We have had this sad little plant for about 20 years. It was not a sad little thing at all when I bought it. However, it has since moved seven times, been left in a car during the summer in the High Desert of California, deprived of water when forgotten about, thrown off a deck, had its leaves picked off by curious little hands, and has rarely been repotted or given new dirt.
If I didn't have so many other things to feel guilty about I would feel guilty about how I have neglected this poor little tree. And just so you know, I was not the person who threw this sweet little survivor off the deck.

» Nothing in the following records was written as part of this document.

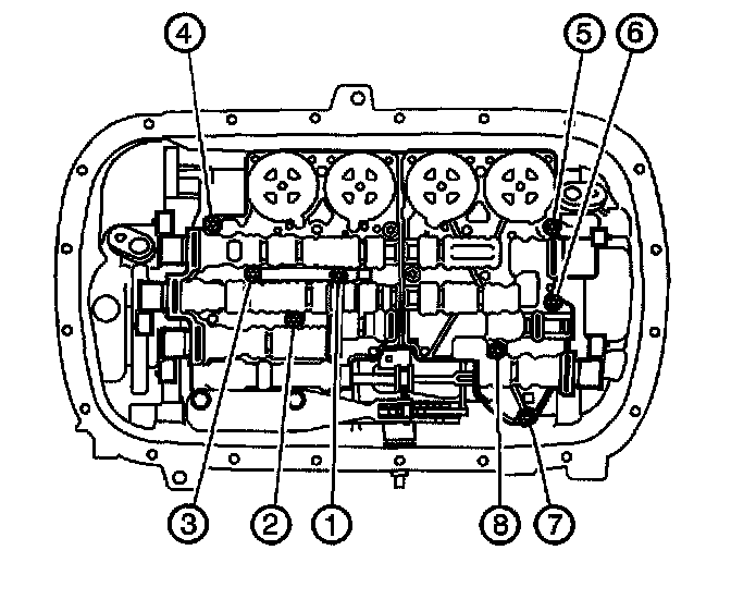 Tighten the control valve body accumulator bolts (49, 50, 51) to 11 Nm (8 ft. lbs.).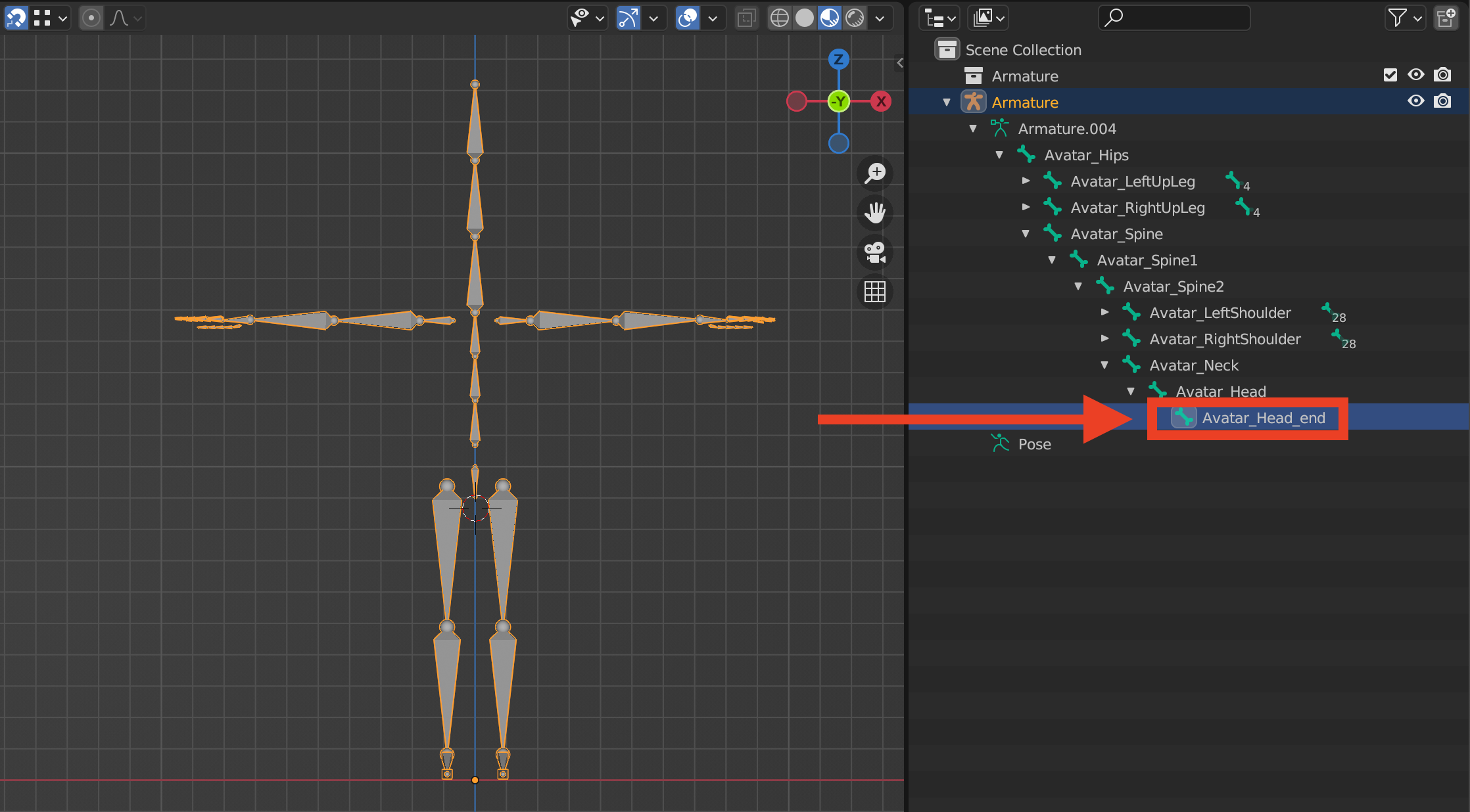 • Keep in mind to export the armature exactly as the one provided in the documentation. If it has any other bones like "_end_bones" or similar is not going to work on the client.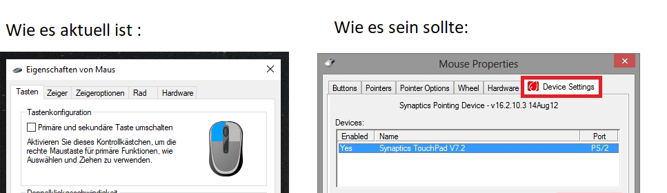 Ich habe echt alles mögliche versucht um den Synaptics-Reiter als auch das Synaptics-Icon herzustellen, das halbe Internet durchgesucht und mehrere Lösungsvorschläge aus verschiedenen Foren probiert: leider kein Erfolg gehabt! Ich habe die folgende Lösungen versucht: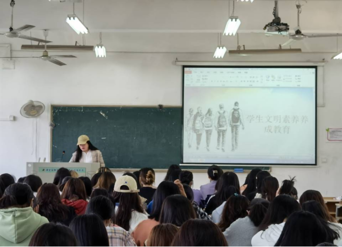(记者:陈晶晶) 大学生的文明素养体现在学生日常学习生活的言行举止的方方面面,文明素养的养成教育是每个大学生培养成长必不可少的重要一课,也是对当代大学生思想品德教育的进一步养成。4月10日下午5:00,外语学部在南5301教室开展了“大学生文明素养养成教育”主题讲座。本次讲座邀请了辅导员闫艺老师为大家讲解,21级全体同学参加了本次讲座。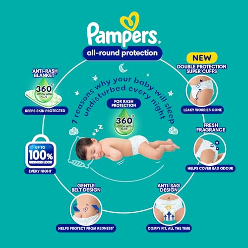 Pampers all round protection pants have ANTI-RASH* lotion with aloe vera to keep your baby’s skin protected. Newborn baby diapers containing Lotion with Aloe vera helps protect your baby’s delicate skin from diaper rash and irritation. Best diapers with Ultra Absorb Core provides your baby a new type of dryness overnight - breathable dryness. Magic gel locks wetness away to provide up to 12 hours of dryness. The new and improved product design enables a comfortable fit closer to the baby’s body and a flexible waist band that adapts to baby’s movements for a comfortable fit. Available in all sizes – Small diapers medium diaper pants large size diaper pants xl diapers xxl diapers xxxl diaper pants. A top layer with cotton-like soft material ensure a comfortable night’s sleep. Our pants with fun exterior graphics fun designs and characters ensure you enjoy with your baby. ​*Helps prevent rash due to wetness after 1 day of usage based on clinical studies in USA 2000-2019.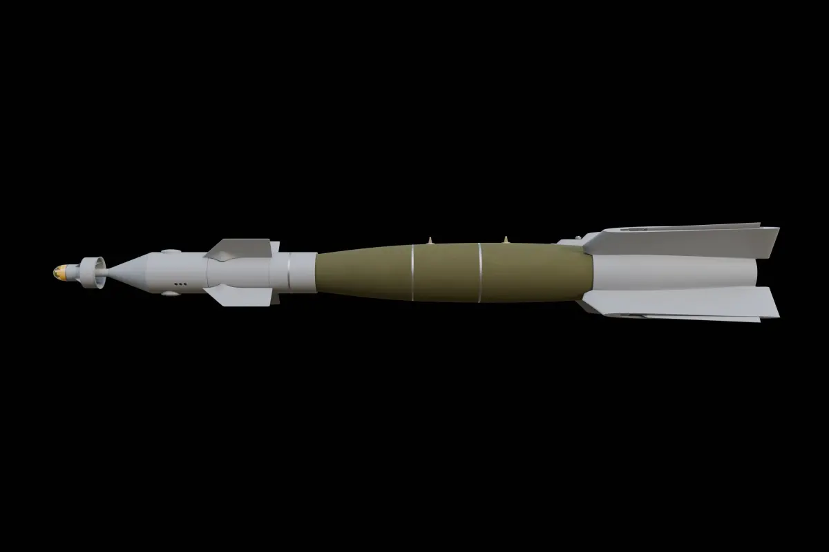A detailed 3D model of a GBU-49, complete with rigged tail fins and seeker head to allow for CGI work. Also compatible with games due to subdiv modeling.All materials procedural and named. Look for the block capitals in the hierarchy for the rig items. The seeker target one can be dragged anywhere in the scene and the seeker will track it within gimbal limits. The rear one should be modified in its constraints tab, which allows the fins to go from fully stowed to fully deployed.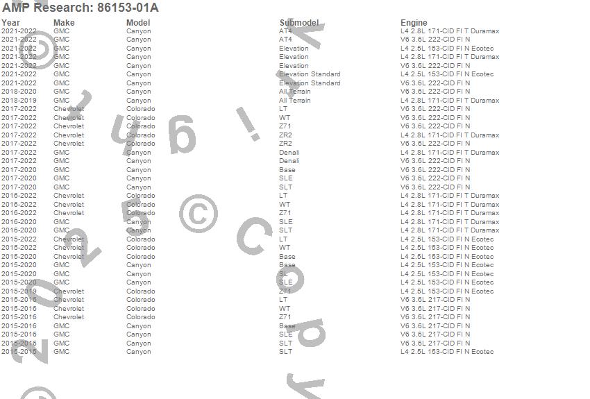 Below is an abbreviated list of applications for the PowerStep Smart Series.Canyon, Colorado, Chevrolet, GMC, 2022, 2021, 2020, 2019, 2018, 2017, 2016, 2015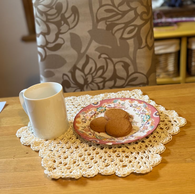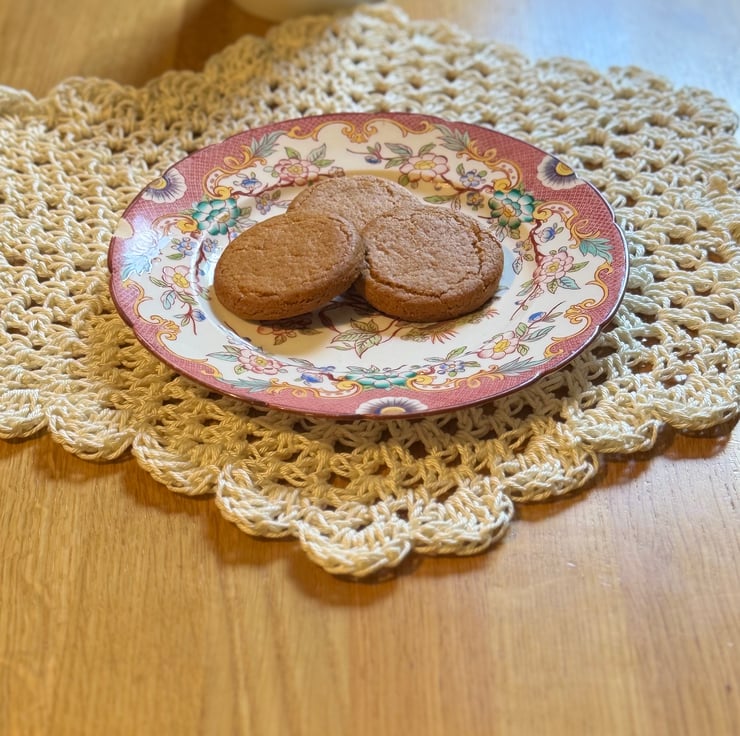 A pair of crocheted cotton placemats/table mats in a cream colour.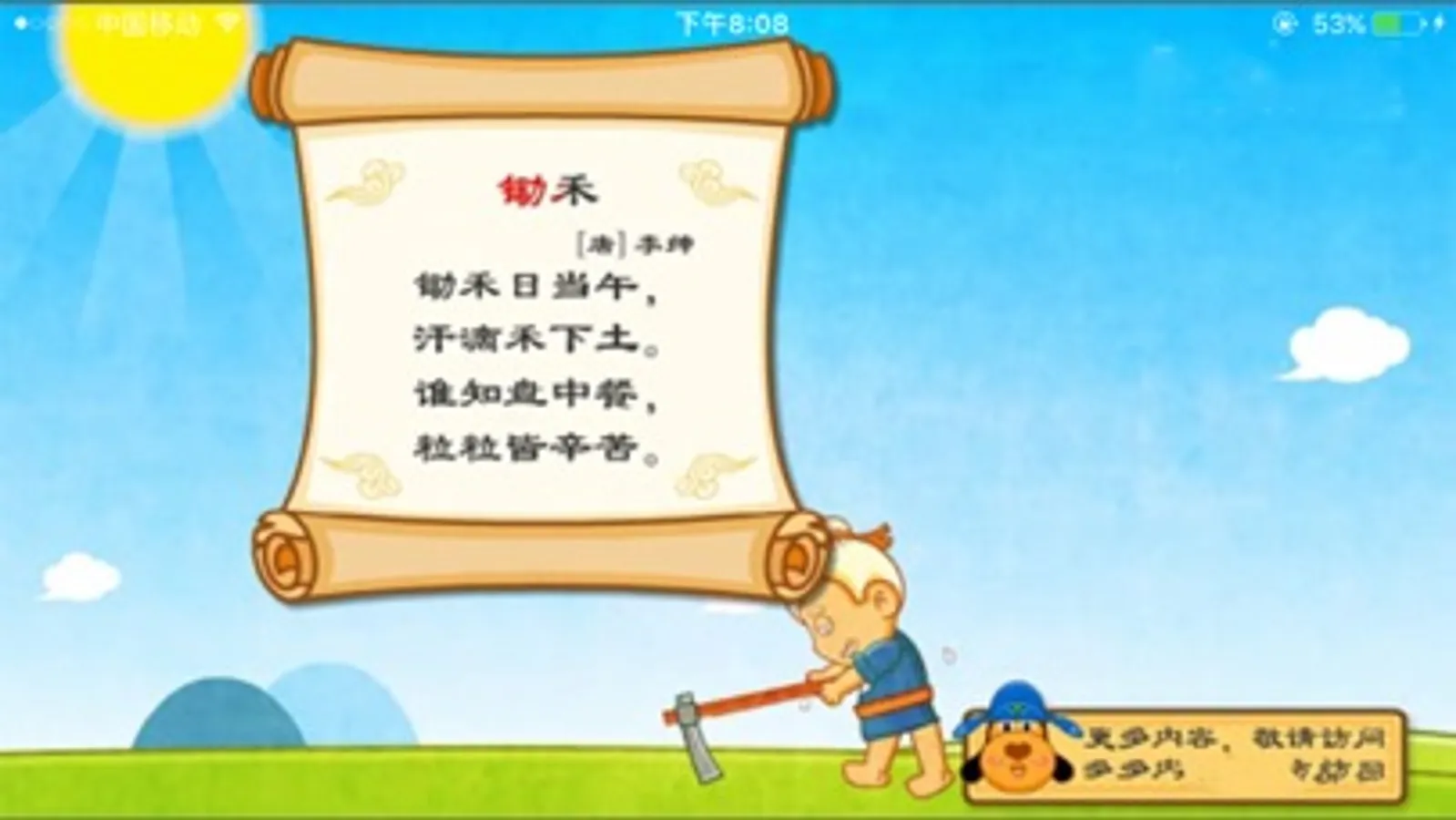 每日必看的唐诗动画,精选最耳熟能详的唐诗,配上专业美工设计的动画,让宝宝在感受快乐的同时,提升文学素养。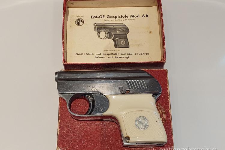 Defekte antike 6mm Schreckschusspistole. Die Griffschalen sind an den Verschraubungen ausgebrochen. Keine Funktion, an Bastler. Versand 7€.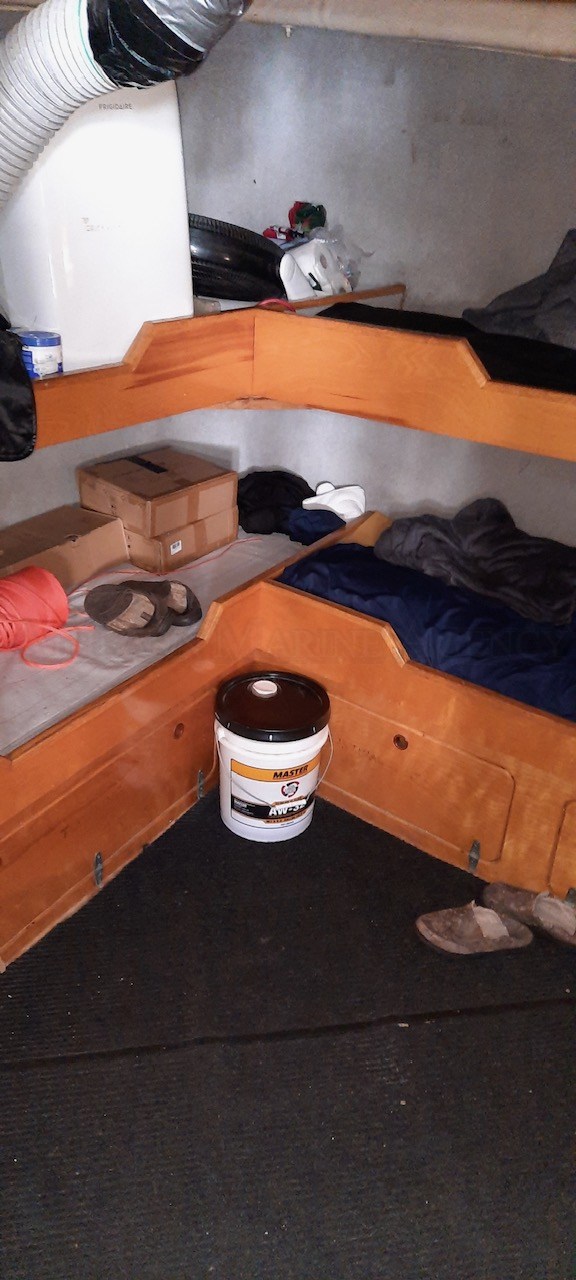 V-berths (forward) Head (forward) Central AC galley (main deck) Refrigerator Stove Microwave |

But what about this little tree?
My husband says he thought we threw it away... actually we had, when it was in particularly bad shape. So it's been through that too. It may have been around the time it got thrown off the deck. Whenever it was, I did not have the heart to discard it so easily. You see, that is the trouble with me, I see potential. I see a pretty little plant that has so much potential in spite of the abuse and neglect it has endured. And it is a fighter. The sweet little thing has held on in spite of all of it.
Yesterday a new beautiful plant was given this guys location and my husband thought to throw this little displaced tree out again, but he knew we could not.
So instead, I gave it a very honored spot on the sunny window seat of the front room. I think that is where this silent struggling survivor really belongs. In a highly visible spot where it is honored and more likely to be remembered. By supporting it and nurturing it, by celebrating it for its strength and tenacity, I hope this little plant will thrive. It may never reach the full potential it once contained but already it is more beautiful and happy looking.
And it is inspiring.
A new potential that it did not have before which, ultimately, might make it more valuable than it ever would have been if it had not endured the hardships it has.
This next picture, from a different angle, shows just how beautiful and healthy it's new growth continues to be.
Update added 4/23/24
It has been sometime since I published this post, but today I was noticing just how healthy our funky little symbolic tree is looking. Sure it is still scared and stunted compared to what these trees are meant to look like and what this little guy likely would have looked like had it not been through the trauma it has been through, but none-the-less it is a happy healthy plant that I believe brings far more satisfaction to us, it's caretakers, than it would if its journey had not been what it has been. So I decided to post this picture to show how our plucky little family tree is progressing with its supported potential.